Index(['title', 'lyrics', 'genre', 'check_only_korean', 'line_samples',
       'verse_samples', 'total_samples', 'line_sample_word_mungchi_string',
       'line_sample_word_mungchi_integer', 'line_sample_line_mungchi_string',
       'line_sample_line_mungchi_integer', 'verse_sample_word_mungchi_string',
       'verse_sample_word_mungchi_integer', 'verse_sample_line_mungchi_string',
       'verse_sample_line_mungchi_integer', 'total_sample_word_mungchi_string',
       'total_sample_word_mungchi_integer', 'total_sample_line_mungchi_string',
       'total_sample_line_mungchi_integer'],
      dtype='object')
(6090, 19)


In [5]:
df = dataframe.copy()

# 2. Inference
- 가상의 테스트셋에 해당하는 노래 10곡
- 여기서 input으로 요청하는 음절수가 golden_mungchi_integer에 저장되어야 함.

In [6]:
temp_test_df = df.loc[df["check_only_korean"]==True].sample(n=10, random_state=42)
temp_test_df.shape

(10, 19)

# 3. Evaluation

In [7]:
# 의미 유사도 산출을 위한 encoder 불러오기
# model = AutoModel.from_pretrained("kakaobank/kf-deberta-base")
# tokenizer = AutoTokenizer.from_pretrained("kakaobank/kf-deberta-base")
model = AutoModel.from_pretrained("klue/roberta-base")
tokenizer = AutoTokenizer.from_pretrained("klue/roberta-base")
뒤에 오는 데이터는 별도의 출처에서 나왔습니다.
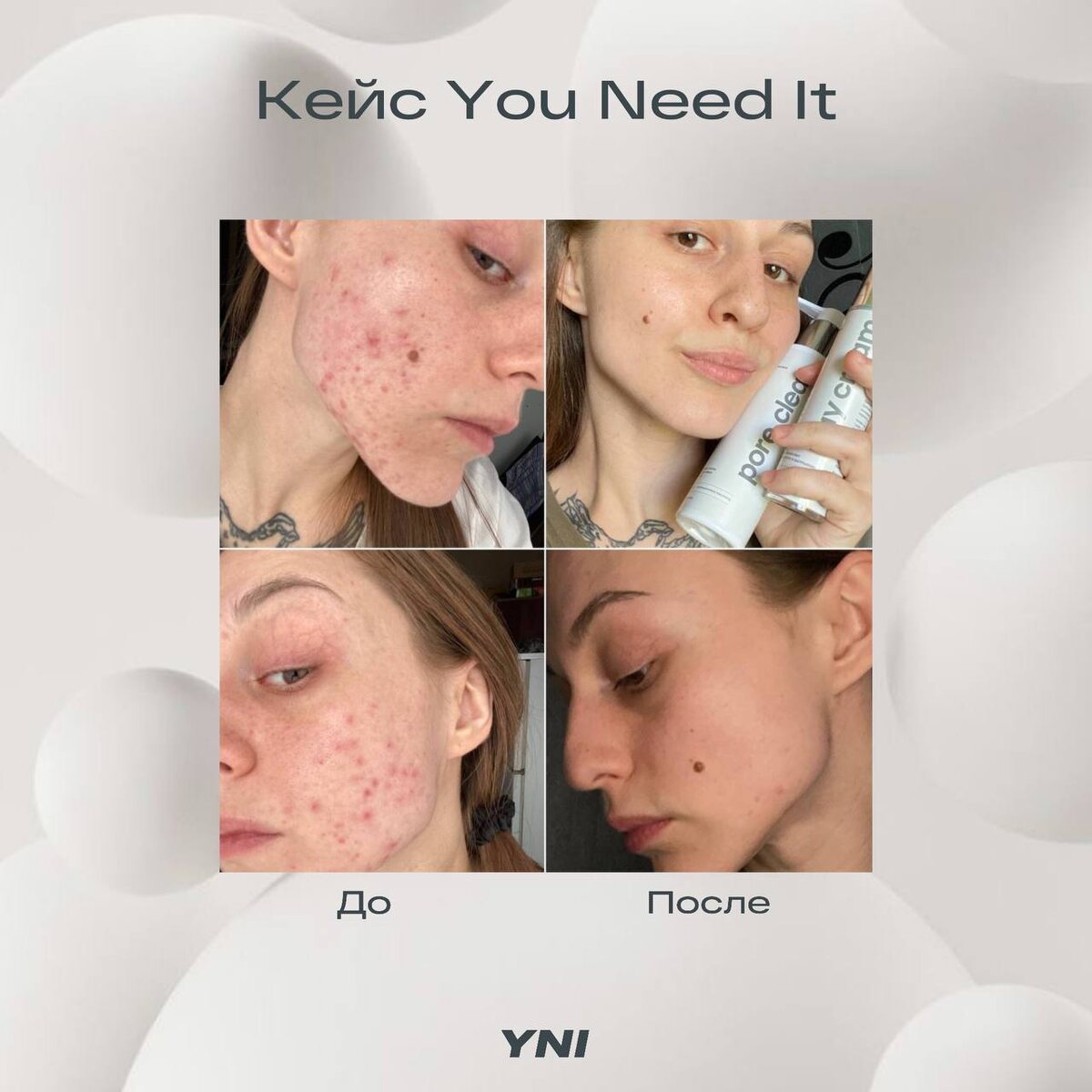 Схема ухода для проблемной кожи! ⠀ У Ольги были вечные эмоциональные качели: постоянные воспаления, жирный блеск, закрытые комедоны. ⠀ Летом 2023 она впервые попробовала косметику YNI — после курса Анны. И кожа стала «откликаться»: меньше высыпаний, спокойнее, чище. ⠀ Но осенью — новые сложности: паразитоз, дефициты, сбои по ЖКТ. Состояние ухудшилось, но Ольга не сдалась. ⠀ 🧴 Она продолжала ухаживать по подобранной схеме— и это дало результат. К декабрю — уже видимые изменения. А в январе 2025 — устойчивая схема и кожа, которая радует. ⠀ Мы в восторге от результата! Ольга пробовала все средства нашей линейки, но для своей проблемной кожи выделила комфортную схему ухода: 👉🏻 база (умывание, тоник и дневной крем); 👉🏻 дополнительное увлажнение бустером в отопительный сезон; 👉🏻 2-3 раза в неделю сыворотка от постакне; 👉🏻 1-2 раза в неделю маска и полиш. ▫️ Крем Day Cream ▫️ Тоник Good Water ▫️ Сыворотка Glaze ▫️ Гель Pore Clean ▫️ Бустер Hydro Boost ▫️ Полиш Face Polish ▫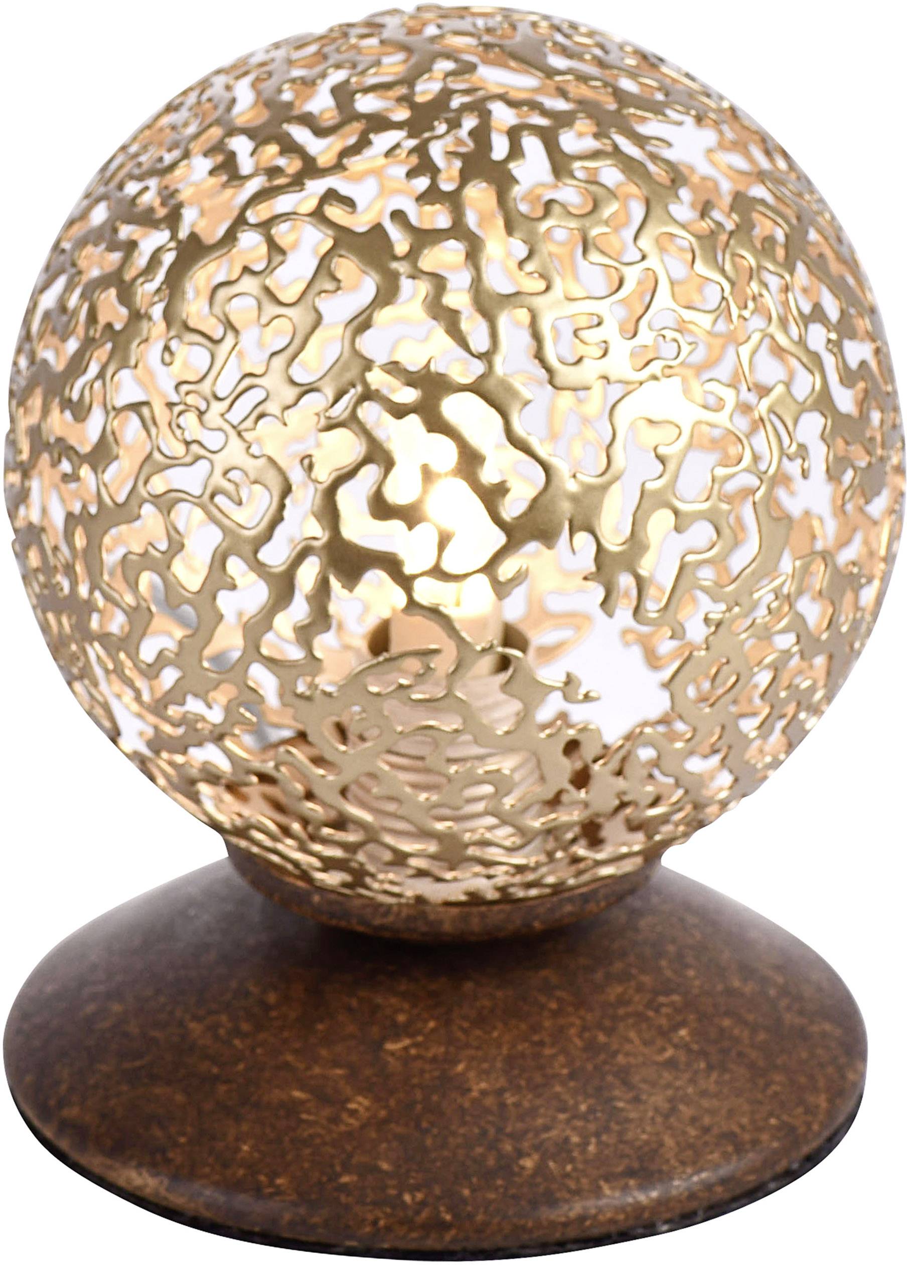 Die formschöne Tischleuchte lässt Ihre Wohnräume warm erstrahlen. Die Kombination aus braun, lackierten Stahl und der goldfarbigen Leuchtkugel mit hübschen, lichtdurchlässigen Muster gibt der Leuchte das gewisse Etwas. Die Tischleuchte ist mit einem Schnurschalter ausgestattet über den Sie die Leuchte bequem ein- und ausschalten können. Sie wird ohne Leuchtmittel geliefert. Sie haben die Möglichkeit die Leuchte mit einem G9-Leuchtmittel bis max. 40 Watt zu bestücken. Kombinieren Sie die Tischleuchte mit einem Leuchtmittel ganz nach Ihrem Geschmack. Die Tischleuchte gibt durch die goldene Leuchtkugel nicht nur ein schönes Lichtspiel wieder sondern erfüllt auch einen absoluten, dekorativen Zweck.

  return self.fget.__get__(instance, owner)()


In [8]:
predict_mungchi_integer_list = []
semantic_sim_list = []
lexical_sim_list = []
acc_form_list = []
mse_form_list = []
our_form_list = []

for row in range(len(temp_test_df)):
    
    golden_lyrics = temp_test_df.iloc[row]['lyrics']
    
    # golden_mungchi_integer = 실제 input으로 들어가는 음절 수
    # type : list [2,2,2]
    golden_mungchi_integer = temp_test_df.iloc[row]['line_sample_word_mungchi_integer'][0]
    # golden_mungchi_string = 생성된 가사와 비교해볼 string -> 실제로 사용은 안됨.
    # type : 뭉치가 ' / '로 구분된 하나의 str ('내가 / 만든 / 가사')
    golden_mungchi_string = temp_test_df.iloc[row]['line_sample_word_mungchi_string'][0]
    # predict_mungchi_string = 동일 주제, 동일 장르로 생성된 string
    # type : 뭉치가 ' / '로 구분된 하나의 str ('내가 / 만든 / 가사')
    predict_mungchi_string = temp_test_df.iloc[row]['line_sample_word_mungchi_string'][0]
    
    predict_mungchi_integer = switch_from_string_to_integer(predict_mungchi_string)
    predict_mungchi_integer_list.append(predict_mungchi_integer)
    
    # check log
    # print(f'<golden_lyrics>\n{golden_lyrics}\n')
    # print(f'<predict_mungchi>\n{predict_mungchi_string}')
    
    # evaluate test data
    semantic_sim = sm.eval_semantic_sim(model, tokenizer, golden_lyrics, predict_mungchi_string)
    lexical_sim = sm.eval_lexical_sim_bleu(golden_lyrics, predict_mungchi_string)
    acc_form, mse_form = fm.eval_form(golden_mungchi_integer, predict_mungchi_integer)
    our_form = fm.eval_our_form(golden_mungchi_integer, predict_mungchi_integer)
    
    # save scores
    semantic_sim_list.append(semantic_sim)
    lexical_sim_list.append(lexical_sim)
    acc_form_list.append(acc_form)
    mse_form_list.append(mse_form)
    our_form_list.append(our_form)

eval_df = pd.DataFrame({'original_lyrics' : temp_test_df['lyrics'],
                        'input_mungchi_integer' : temp_test_df['line_sample_word_mungchi_integer'],
                        'input_mungchi_string' : temp_test_df['line_sample_word_mungchi_string'],
                        'generated_mungchi_string' : temp_test_df['line_sample_word_mungchi_string'],
                        'generated_mungchi_integer' : predict_mungchi_integer_list,
                        'semantic_sim' : semantic_sim_list,
                        'bleu_lexical_sim' : lexical_sim_list,
                        'acc_form' : acc_form_list,
                        'mse_form' : mse_form_list,
                        'our_form' : our_form_list})

# save evaluation result
eval_df.to_csv('evalutation_result.csv', index=False, encoding='utf-8-sig')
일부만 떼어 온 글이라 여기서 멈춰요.